-- STORED DATA follows --

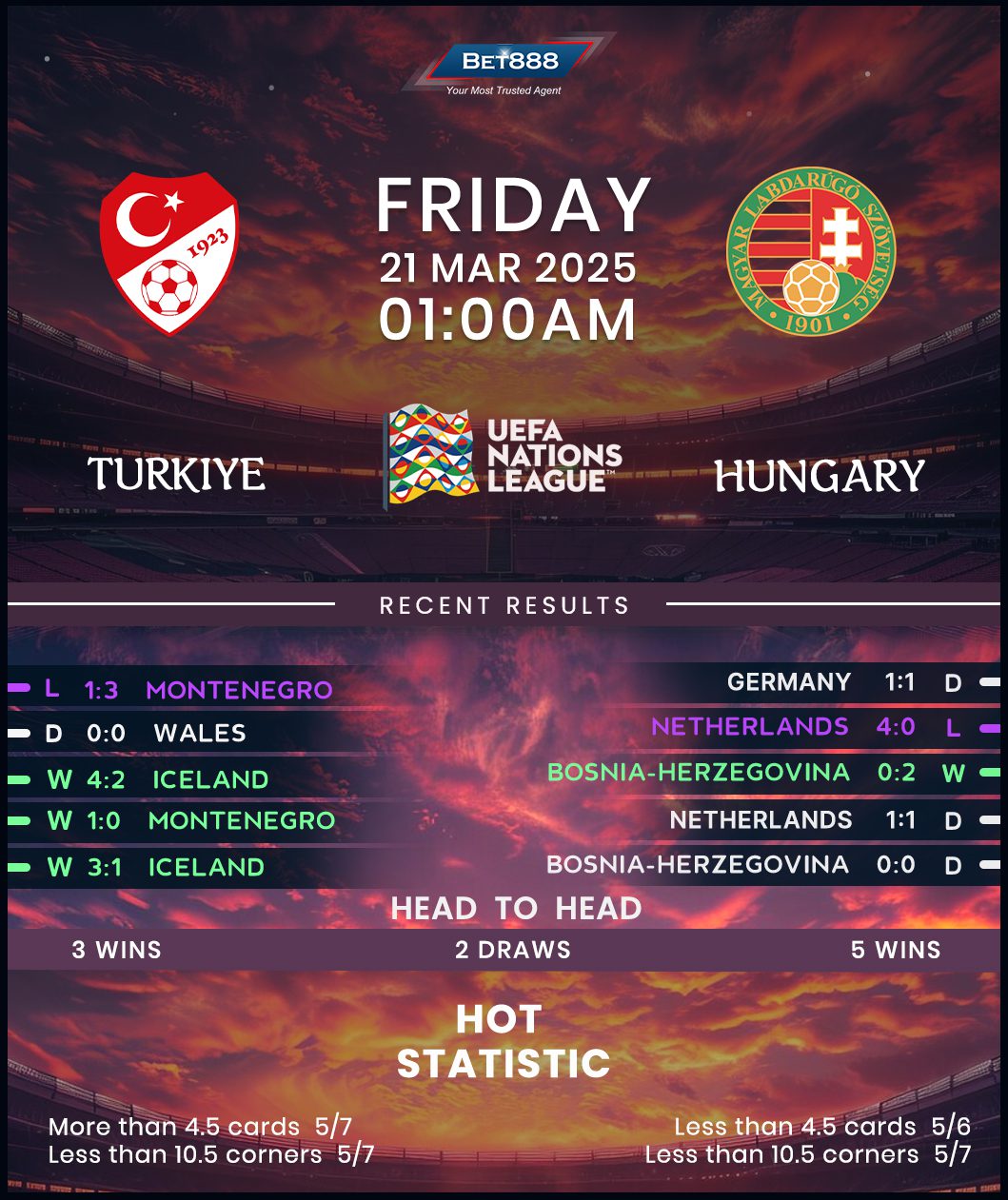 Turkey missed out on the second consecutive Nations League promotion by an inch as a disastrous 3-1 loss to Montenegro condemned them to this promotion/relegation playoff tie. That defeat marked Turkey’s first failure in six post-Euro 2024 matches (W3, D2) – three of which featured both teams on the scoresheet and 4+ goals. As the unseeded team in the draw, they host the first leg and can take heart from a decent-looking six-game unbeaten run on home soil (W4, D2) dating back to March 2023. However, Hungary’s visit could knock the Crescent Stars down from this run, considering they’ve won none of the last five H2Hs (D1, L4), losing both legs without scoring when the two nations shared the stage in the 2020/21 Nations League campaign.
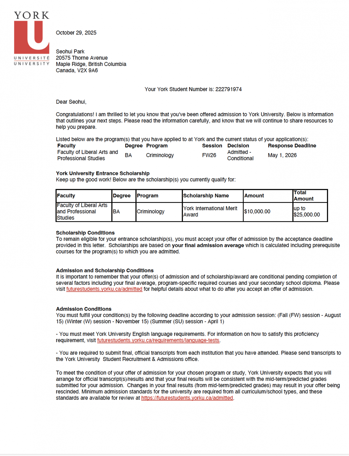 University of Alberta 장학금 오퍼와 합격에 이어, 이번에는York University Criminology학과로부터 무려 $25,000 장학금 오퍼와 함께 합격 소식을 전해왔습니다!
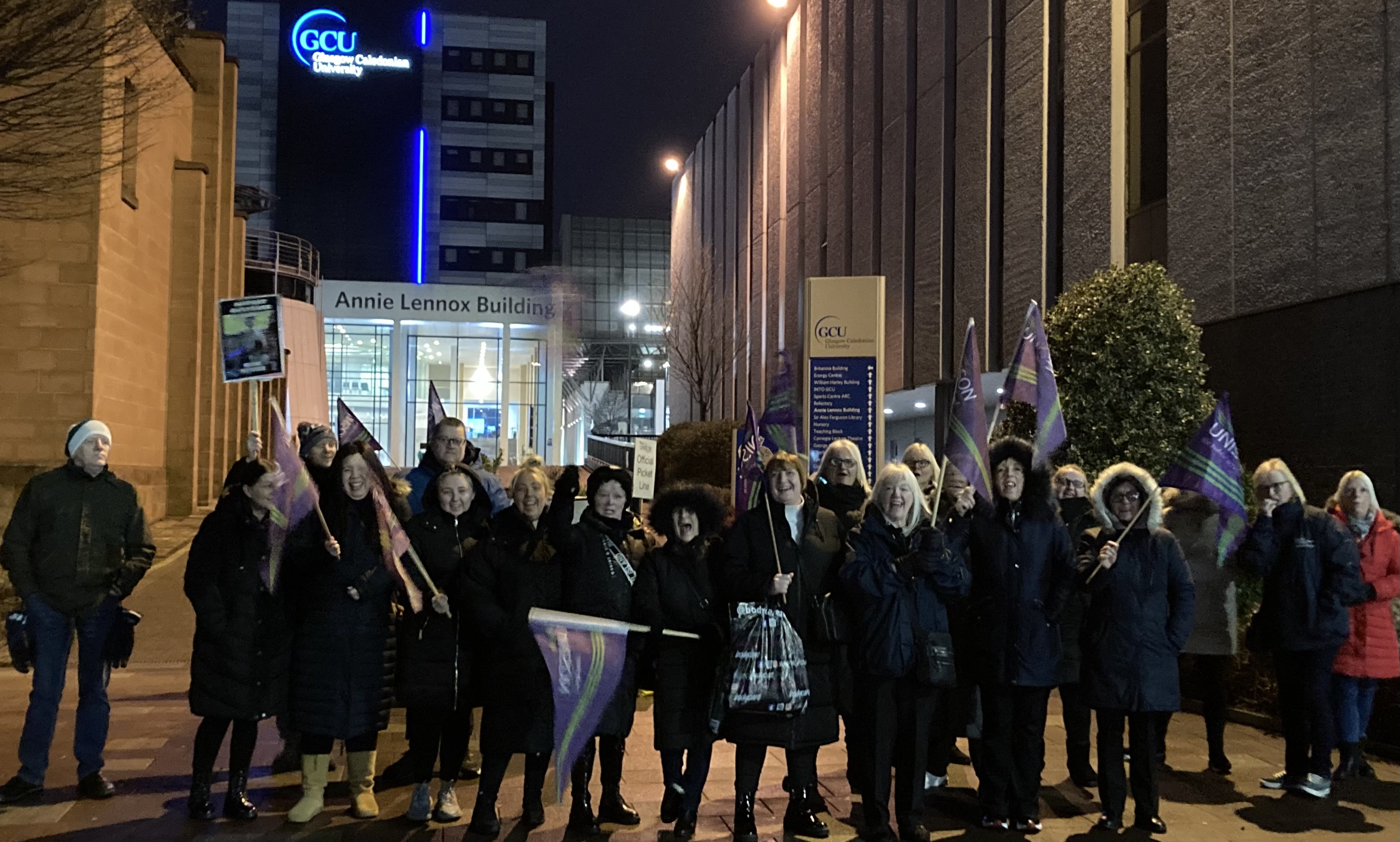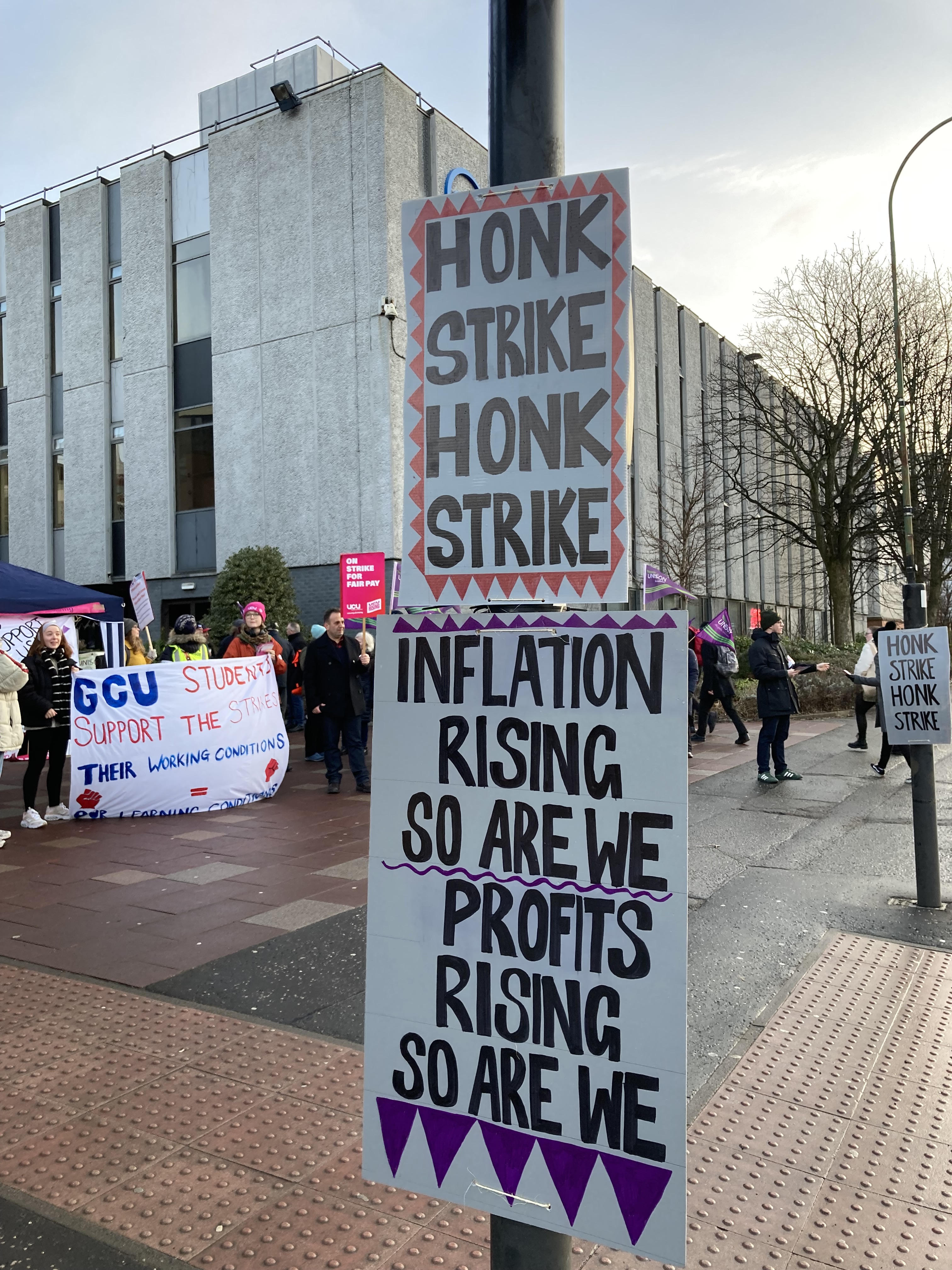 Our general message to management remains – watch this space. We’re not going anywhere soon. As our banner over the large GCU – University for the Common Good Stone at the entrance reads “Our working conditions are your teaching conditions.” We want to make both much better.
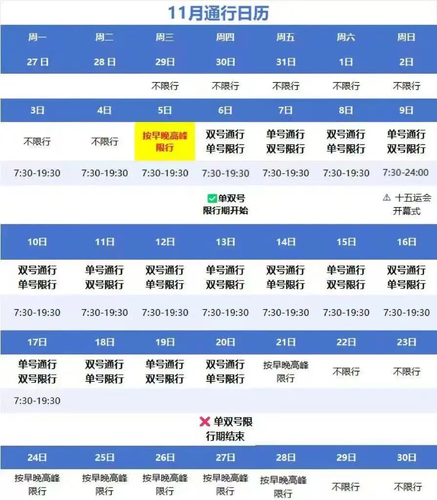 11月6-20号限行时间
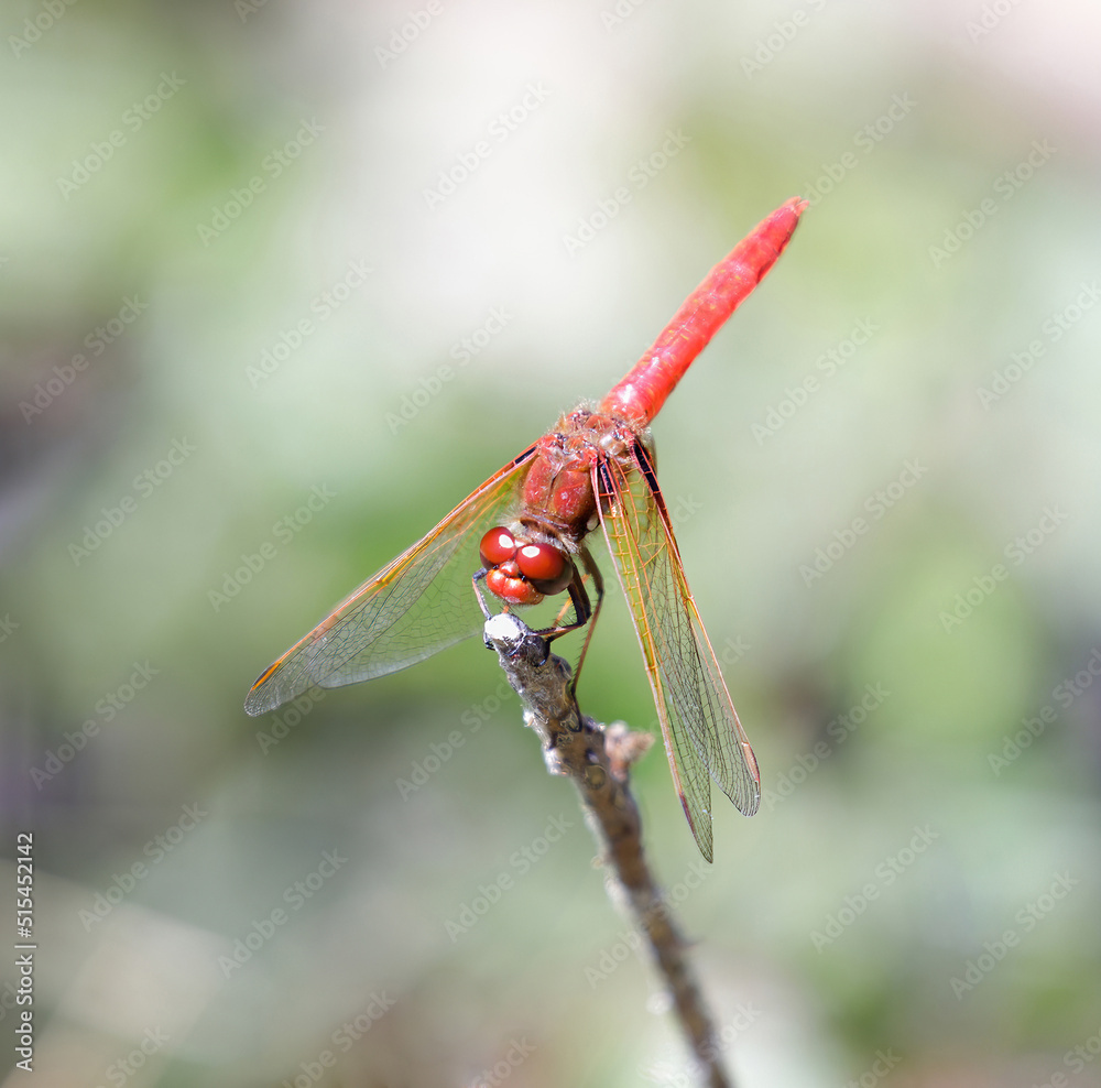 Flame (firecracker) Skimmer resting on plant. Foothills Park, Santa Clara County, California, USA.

-- STORED DATA concluded --

— EXERCISE DIRECTIONS —
Reproduce, word for word, the lines from the one containing "11月6-20号限行时间" through the final line above. Leave every picture out.

— YOUR SOLUTION —
 11月6-20号限行时间
 Flame (firecracker) Skimmer resting on plant. Foothills Park, Santa Clara County, California, USA.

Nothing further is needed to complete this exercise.